Goddert blickte auf und zog die Brauen hoch, als sei er überrascht, Adrian immer noch auf der anderen Seite des Tisches vorzufinden. »Du kannst gehen und meinetwegen direkt anfangen.«
»Womit genau?« Er konnte beim besten Willen nicht erahnen, was er in Brühl ausrichten sollte. Es war eine fruchtbare Gegend, in der Goddert bereits mehrere Parzellen besaß, auf denen er Gemüse anbauen ließ und Vieh hielt. Sein dortiger Besitz stand unter Aufsicht und Bewirtschaftung tüchtiger Männer, die sich auch um das neue Grundstück bemühen würden.

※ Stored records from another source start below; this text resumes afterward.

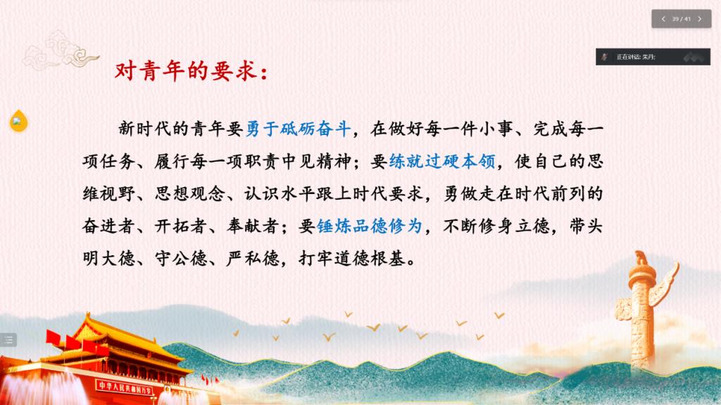 本次党课引导同学们思考如何成为一名合格党员,激励同学们勇立时代潮头,争当时代先锋,不负时代,不负人民。
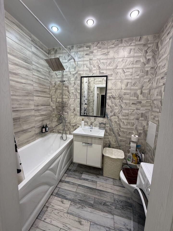 Санузел оборудован ванной, подвесным унитазом,, компактной раковиной и стиральной машиной.
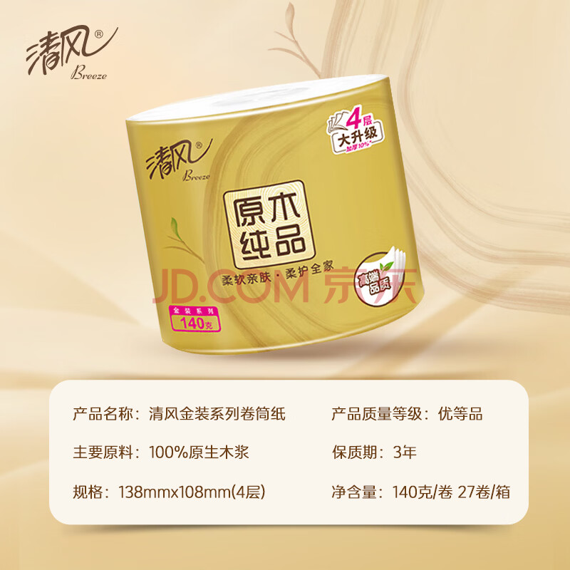 商品相册:清风有芯卷纸原木金装 4层140克*27卷 卫生纸纸巾箱装厕纸卷筒纸第
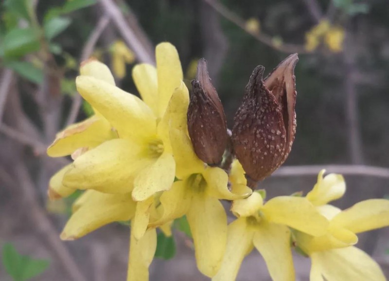 連翹也會反常開花。在百花凋零的秋季、初冬反季開花,成為一道獨特的景觀,是典型的花開二度。連翹二度開花一般出現在秋季。有時也會在初冬,但是比較少見。
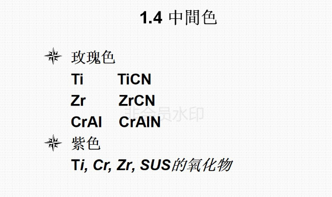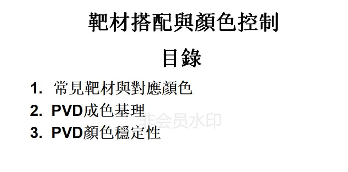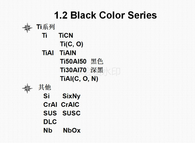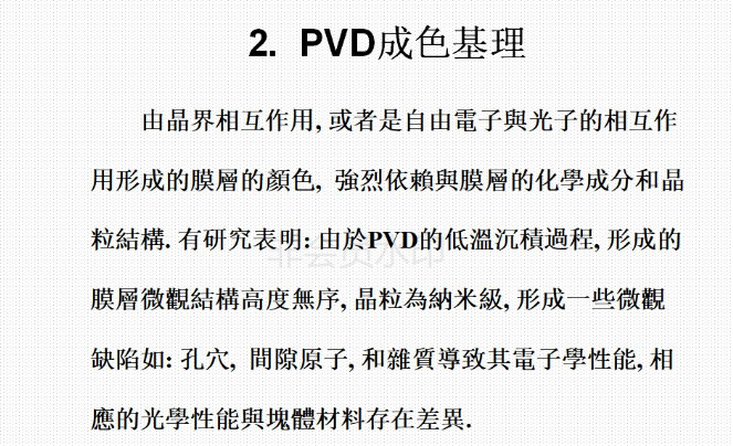 5)、PVD技術(shù)不僅提高了 鍍膜與基體材料的結(jié)合強(qiáng)度,涂層耗材種類(lèi)繁多,還有多元復(fù)合涂層,形成不同的顏色的表面效果。
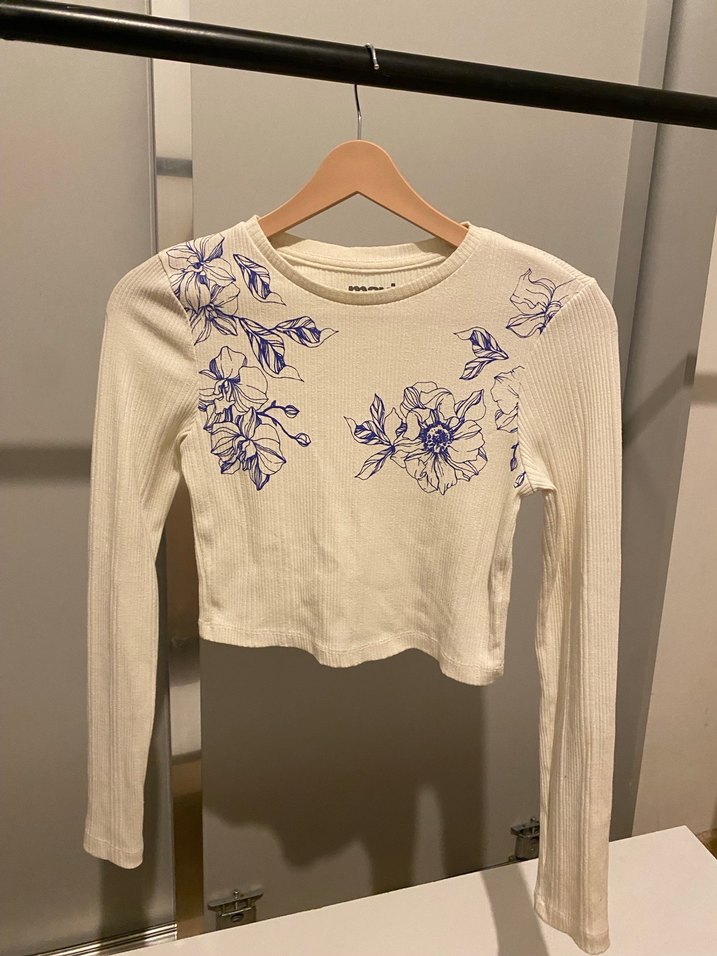 Beyaz tuzun kollu crop top, mavi çiçek desenleriyle sade ve bohem bir stil sunar. Kusuru yok hiç kullanılmadı, iyi günlerde kullanın
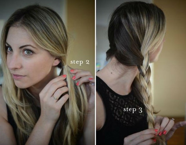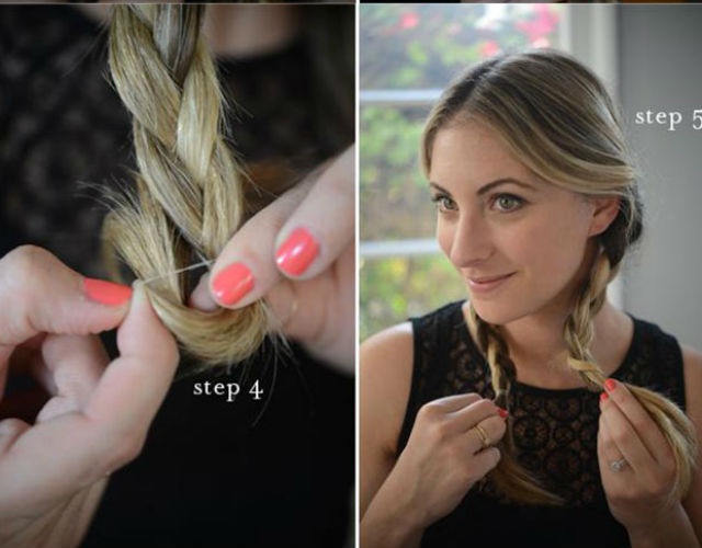 | Chia toàn bộ tóc thành hai phần, dùng dây chun cố định phần tóc bên táy trái lại và "xử lý" phần tóc bên phải. Chải lại một lần để tóc suôn mượt rồi tết ba như bình thường. |
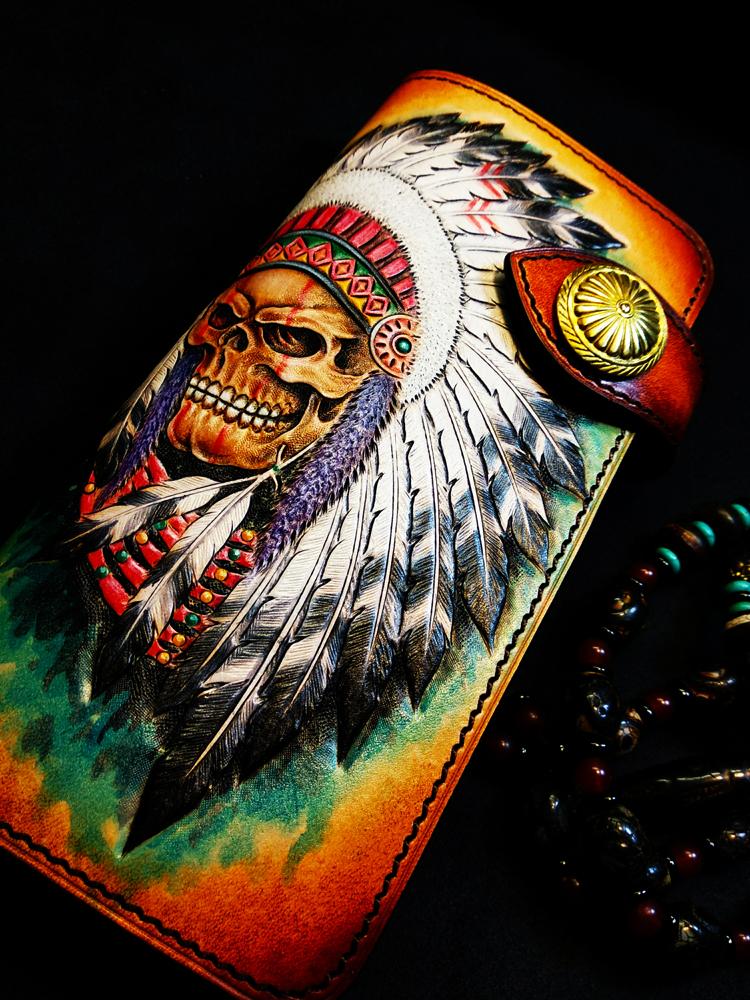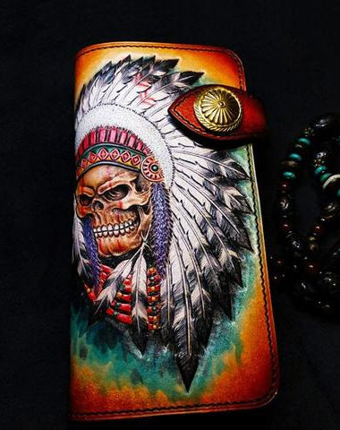 Design: Handmade Leather Skull Indian Mens Chain Wallet Biker Wallet Cool Leather Wallet Long Tooled Wallets for Men
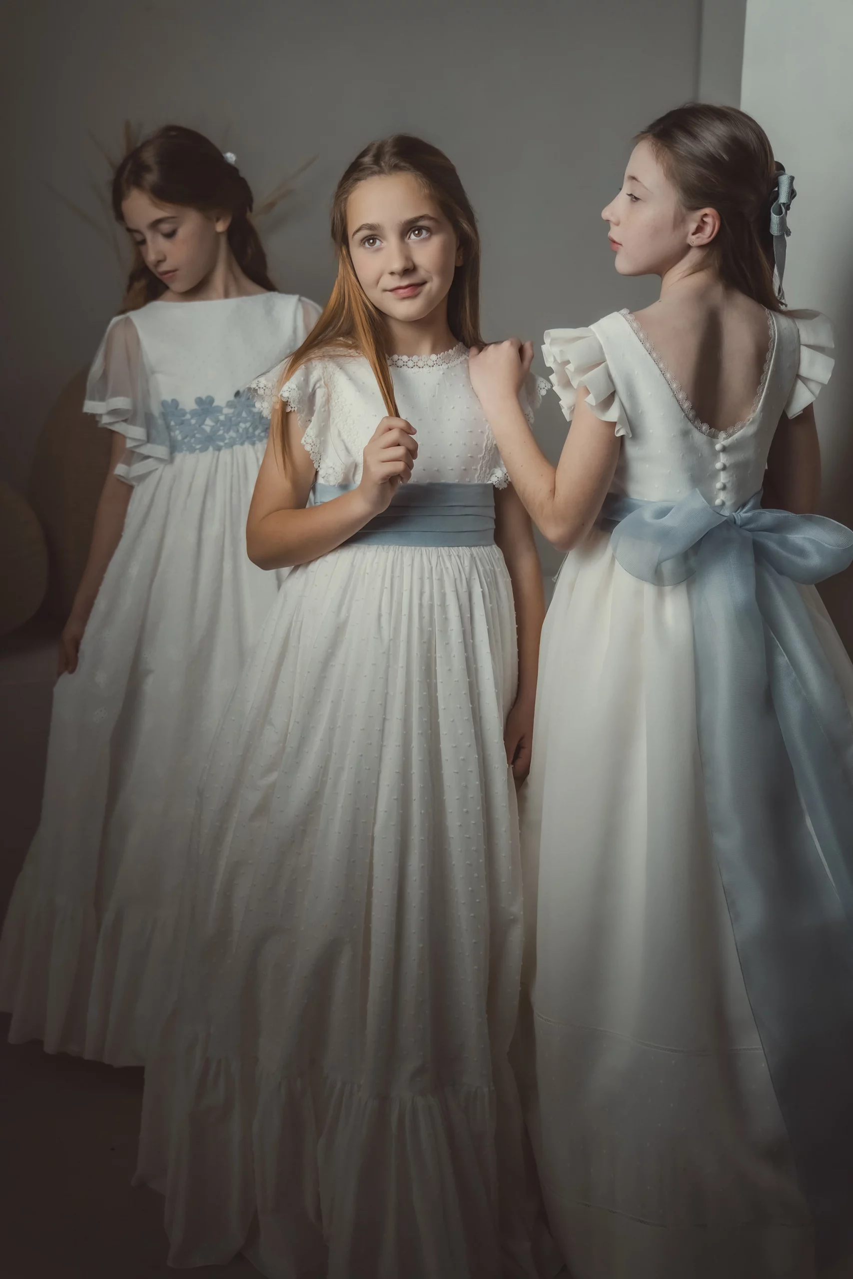 Nuestra colección de vestidos de comunion destaca por la calidad de sus tejidos, la comodidad en cada patrón y el cuidado especial por los acabados. Utilizamos encajes artesanales, plumeti, tul bordado, organza y algodones naturales para lograr vestidos ligeros, románticos y llenos de encanto.
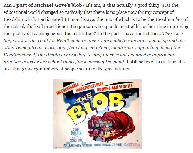 We need Executive Headteachers who are part of the system and building professional capital across a local family of schools but are not involved in the day to day running of any individual school. We also need Headteachers who are making sure an individual school is the best it can possibly be for the students who attend it. They are very different roles. Separating them out I hope will make each sustainable and give the best of both Worlds. This requires a very different co-operative style of leadership and thinking to replace the competitive “my school” approach of the last twenty five years.
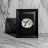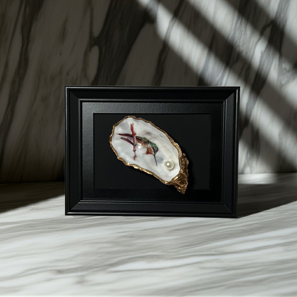 Geef je interieur een vleugje verfijning met onze zwarte lijst met een prachtig beschilderde oesterschelp in het midden.

Goddert sah ihn verständnislos an. »Du wirst den Lochner-Fall aufklären. Was muss ich da lange erläutern? Du hast doch gerade selbst aufgezeigt, wie’s geht.«
»Ich habe nichts aufgezeigt. Ich habe Vermutungen angestellt.«
Goddert zog die Schultern hoch. »Dann beweise, dass sie der Realität entsprechen.«
Dazu hatte er nicht die mindeste Lust. »Es gibt bestimmt berufenere Leute.«
Goddert senkte das Kinn. Wieder einmal. Es kam Adrian vor, als geschähe das in letzter Zeit öfter.
»Wenn ich’s nicht besser wüsste, dächte ich, du würdest dich zieren«, grollte Baarth.
Genau in diesem Moment brach ein Hahn direkt unter dem Fenster in empörtes Geschrei aus und verschaffte Adrian damit die Möglichkeit, seine Antwort kurz zu überdenken. »Das tue ich nie«, erklärte er, nachdem der Gockel endlich den Schnabel hielt. »Aber ein Stadtbüttel wäre viel besser geeignet, sich mit Lochners Scherereien zu befassen. Es handelt sich immerhin um ein Verbrechen.«
»Lochner will niemanden in seinem Heim, den er nicht kennt.« Langsam klang Goddert richtig sauer.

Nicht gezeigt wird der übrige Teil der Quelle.